[Source records]
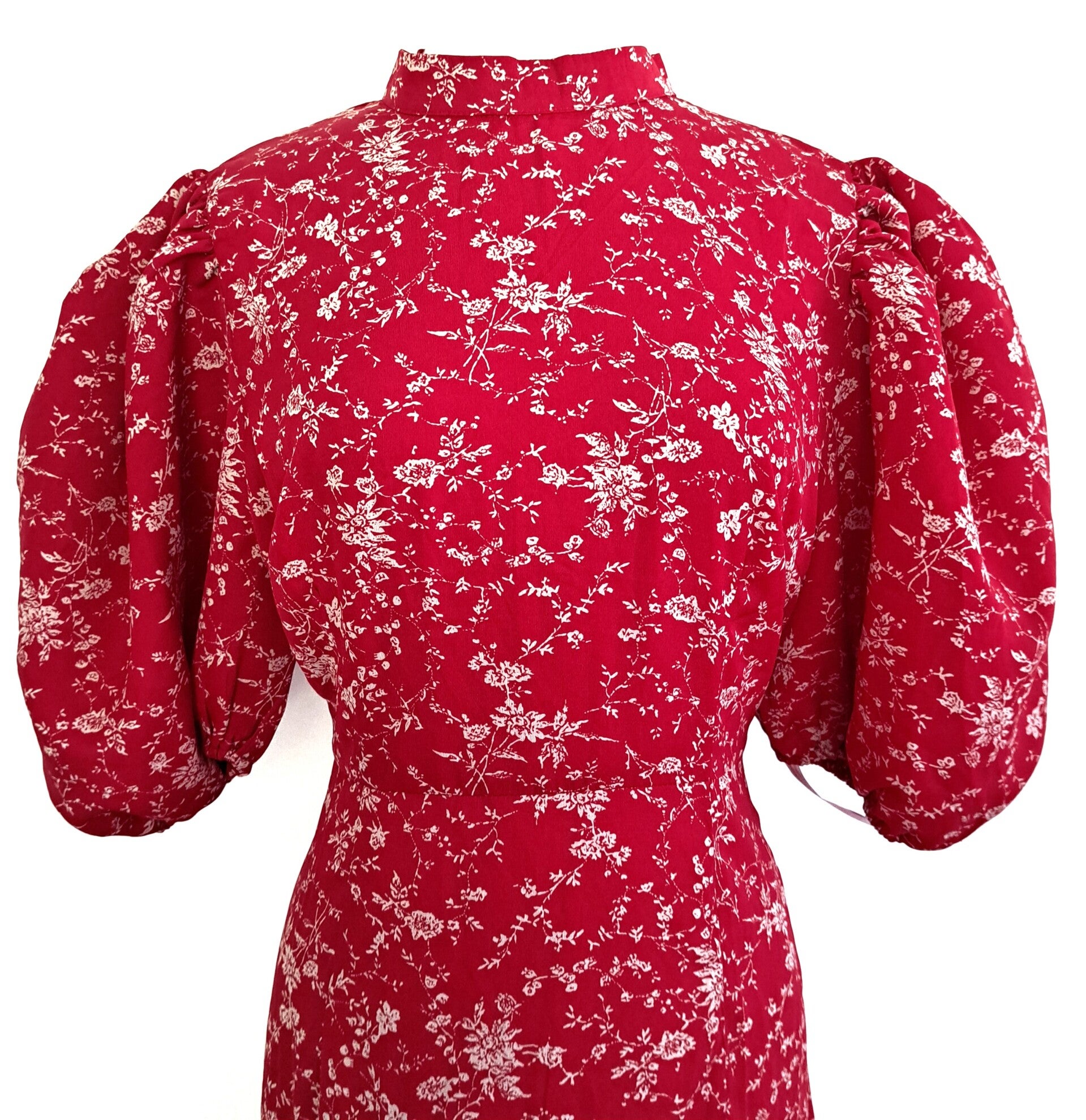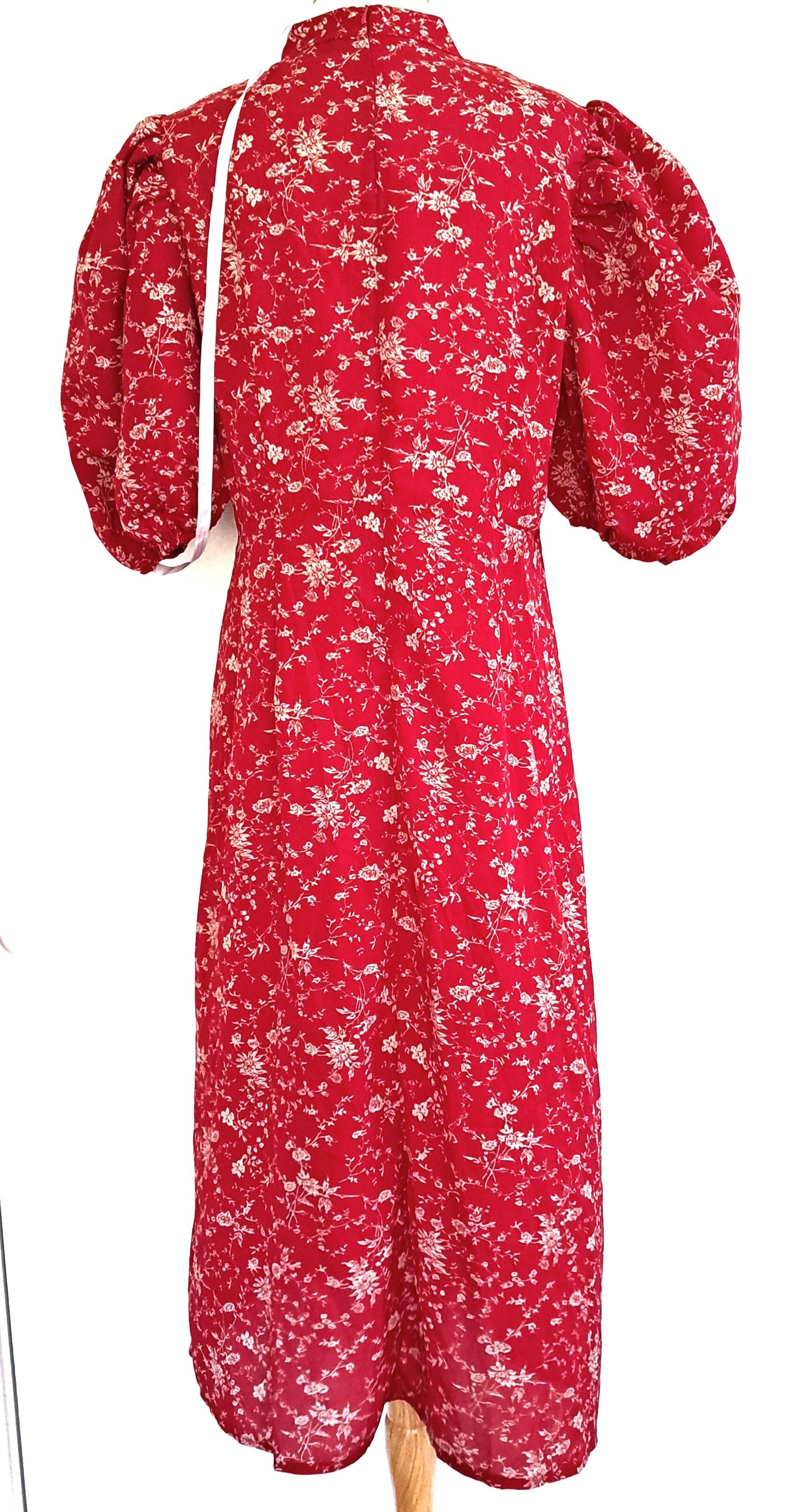 MISSGUIDED Floral Puff Sleeves Midi Dress - Size 14
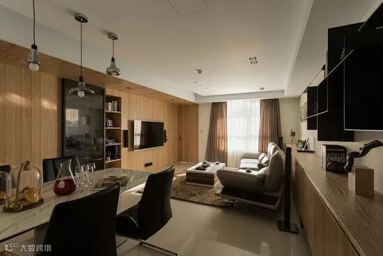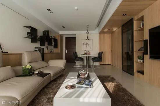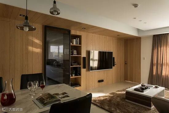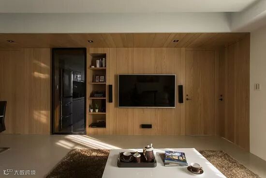 设计师利用厨房过大的过道动线,另构独立备餐台机能,并将电视机柜内嵌其中,保有电视墙面的干净清朗。
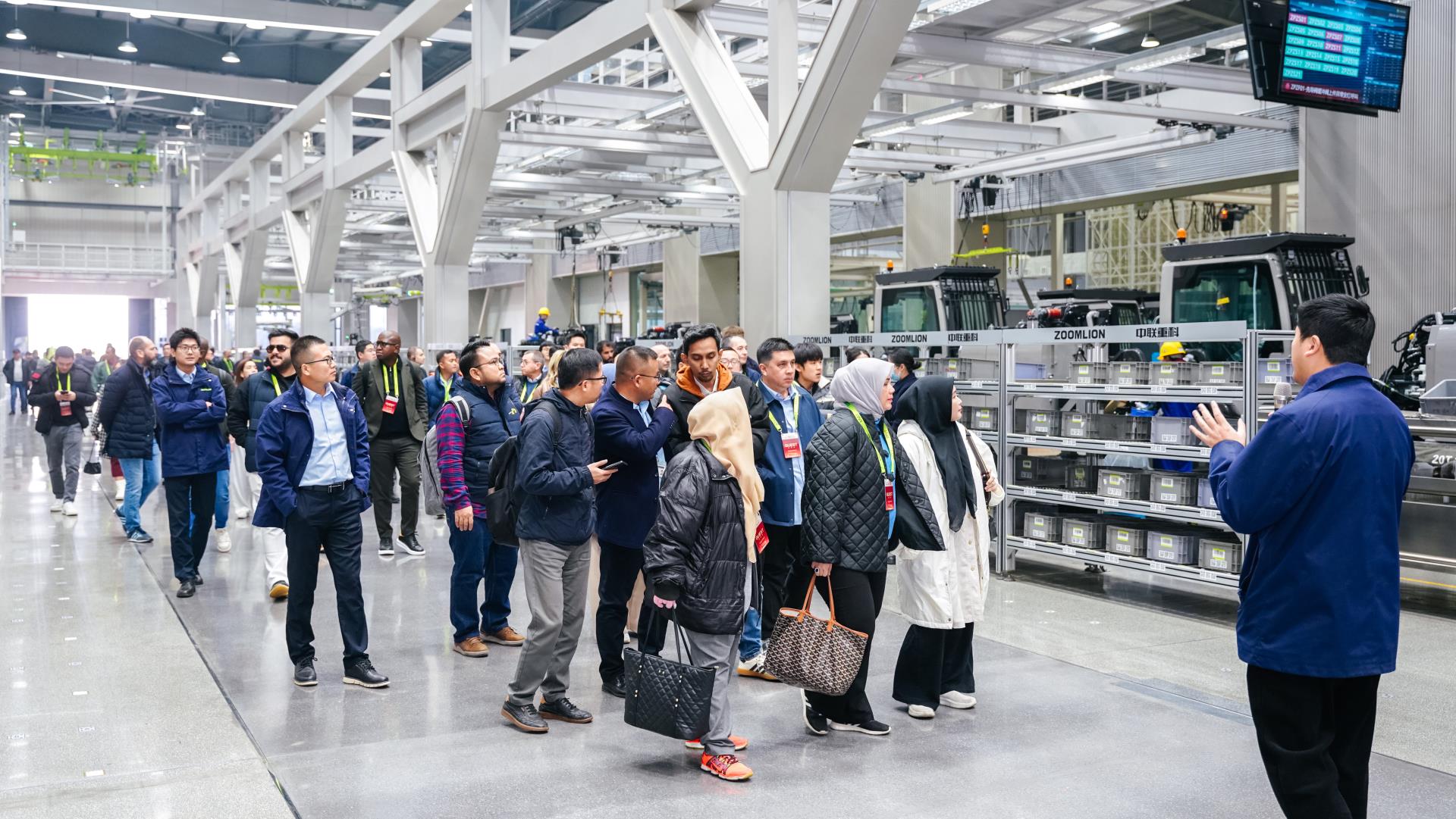 ▲客戶參觀中聯(lián)重科智能制造產(chǎn)線和設(shè)備演示
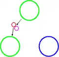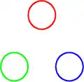 Баріон, що складається з 3 кварків (червоного, зеленого, синього), перед зміною кольорів
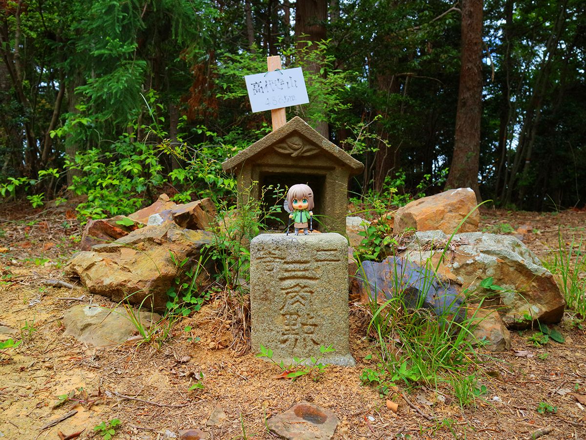 ここを右へ曲がる。曲がり角に古い道標チックなプレートがあって、わずかに高代寺山山頂と書かれていた
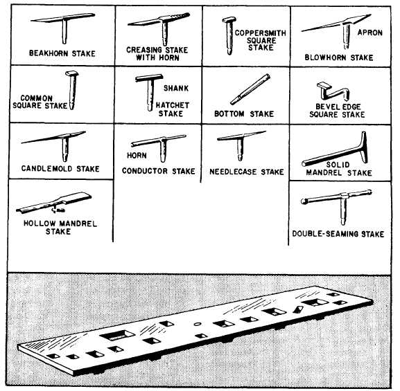 Figure 13-33.-Stakes and stake plate. formed by shrinking. Such parts are shaped with the aid of hardwood or metal form blocks. These blocks are made in pairs and specifically for the shape of the part being formed. Each pair conforms to the actual dimension and contour of the finished article.You should cut the material to be formed to size, allowing about one-quarter inch of excess material for trim. File and smooth the edges of the material to remove all nicks caused by the cutting tools. This reduces the possibility of the material cracking at the edges during the forming operation. Place the material between the form blocks and clamp it in a vise so that the material will not move or shift. Clamp the work as closely as possible to the particular area being formed to prevent strain on the form block and to keep the material from slipping.
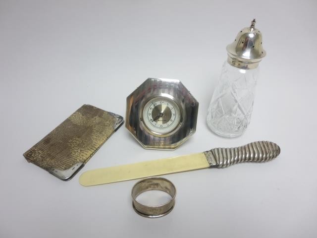 A silver handled ivory Page Turner, silver lidded cut glass Sugar Caster, silver framed octagonal Mantel Clock and silver mounted Purse
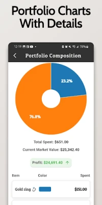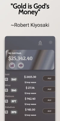 As a premier gold tracker, this app stands out in the digital realm, offering unparalleled functionality and precision. This gold tracker is designed to meet the needs of both novice and seasoned investors, making it the go-to gold tracker for monitoring the ever-fluctuating gold market. With this gold tracker, users have the ability to track gold prices in real-time, ensuring that they are always up-to-date with the latest gold prices and movements. The app's robust gold tracker features allow for detailed tracking of gold investments, from bullion to scrap metal, providing a comprehensive overview that is essential for effective portfolio management. Whether you're looking to make quick decisions based on current gold prices or planning long-term investments, this gold tracker equips you with all the necessary tools to track your gold assets efficiently. Embrace the power of this gold tracker to enhance your investment strategy, making it easier than ever to stay informed and ahead in the gold market.
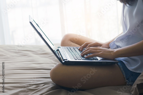 © thithawat, Fototapeta premium attractive woman hands using laptop working typing keyboard on the bed in sleeping room at morning after wake up.
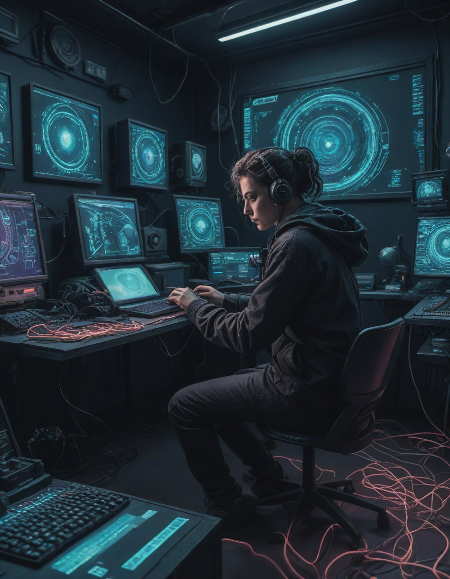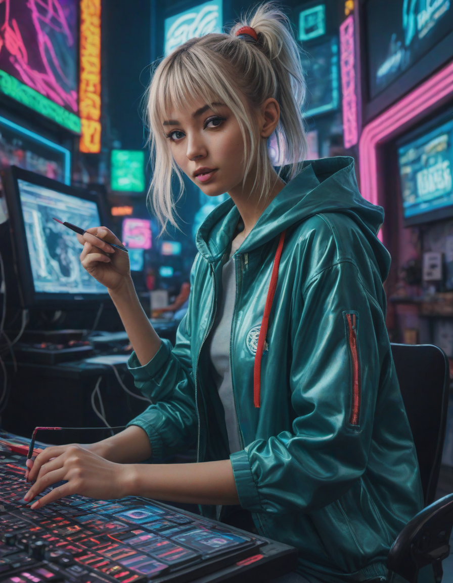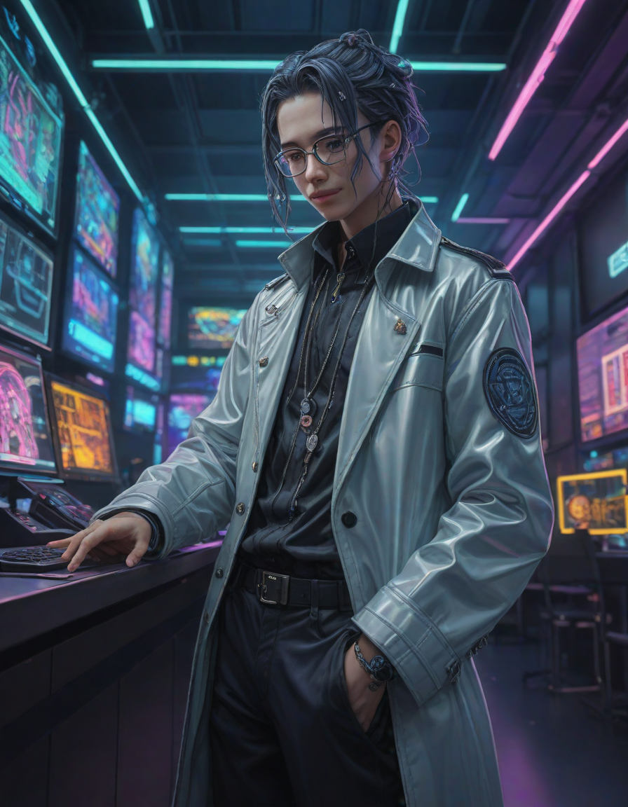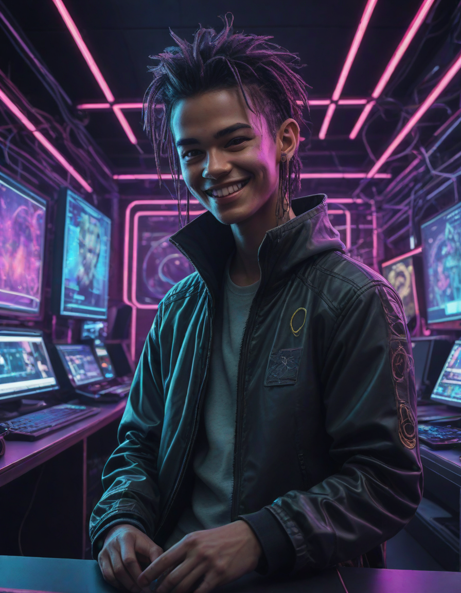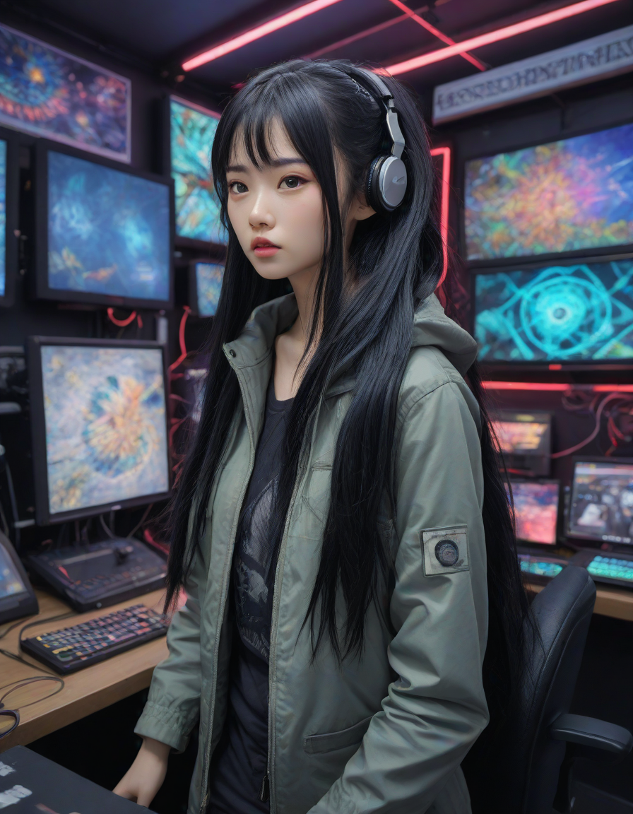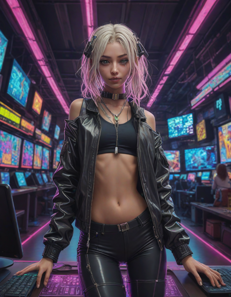 cyberpunk hacker, surrounded b... (10 loras merged)
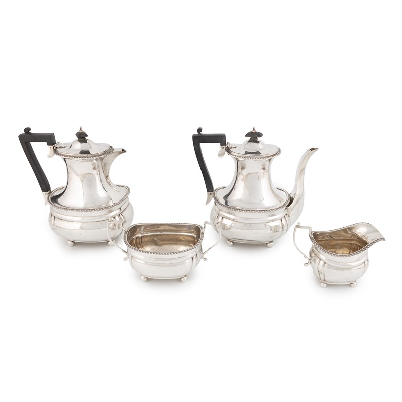 A four-piece silver tea set, by Heming & Co Ltd, London 1928, oval bellied forms with gadrooned
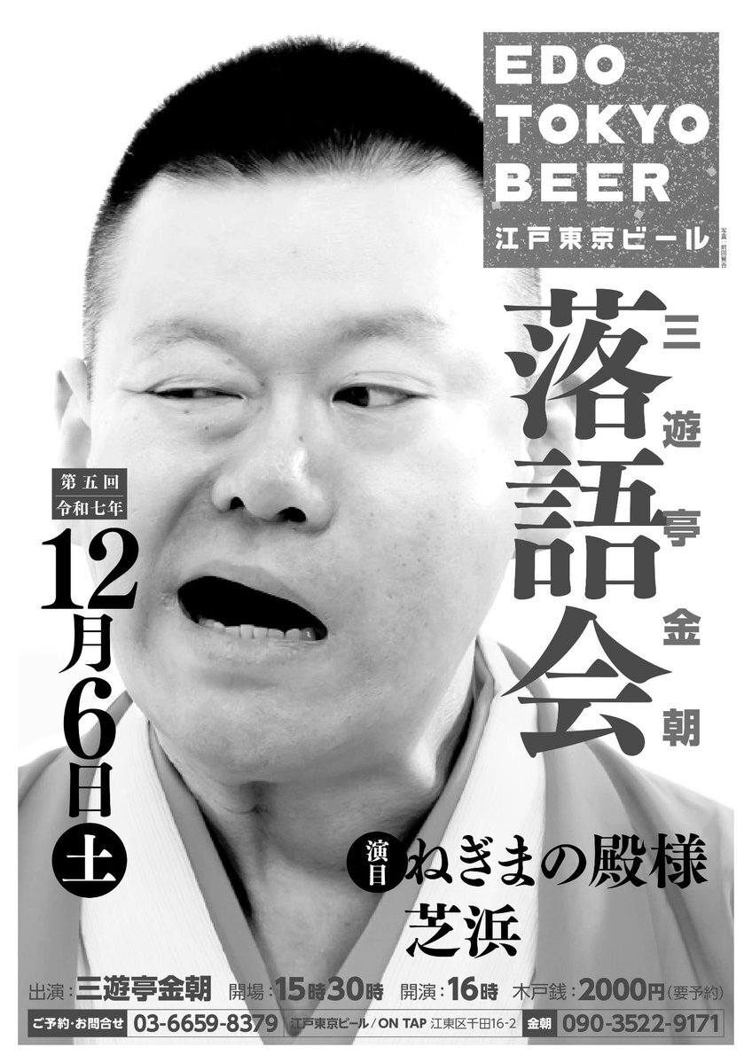 江東区の地ビール醸造所での落語会。 暮れの慌ただしい時期ではございますが、お誘い合わせていただきましての、ご予約とご来場お待ちいたしております。 どうぞよろしくお願い申し上げます。 m(_ _)m #江戸東京ビール #ontap #江東区 #住吉駅 #地ビール #醸造所 #落語会 #三遊亭金朝 pic.x.com/bRCaiYSxdT

* Exercise goal
Above are the records; restate exactly the lines from the one containing "Figure 13-33.-Stakes and" through the one containing "A silver handled", keeping pictures out.

* Written answer
 Figure 13-33.-Stakes and stake plate. formed by shrinking. Such parts are shaped with the aid of hardwood or metal form blocks. These blocks are made in pairs and specifically for the shape of the part being formed. Each pair conforms to the actual dimension and contour of the finished article.You should cut the material to be formed to size, allowing about one-quarter inch of excess material for trim. File and smooth the edges of the material to remove all nicks caused by the cutting tools. This reduces the possibility of the material cracking at the edges during the forming operation. Place the material between the form blocks and clamp it in a vise so that the material will not move or shift. Clamp the work as closely as possible to the particular area being formed to prevent strain on the form block and to keep the material from slipping.
 A silver handled ivory Page Turner, silver lidded cut glass Sugar Caster, silver framed octagonal Mantel Clock and silver mounted Purse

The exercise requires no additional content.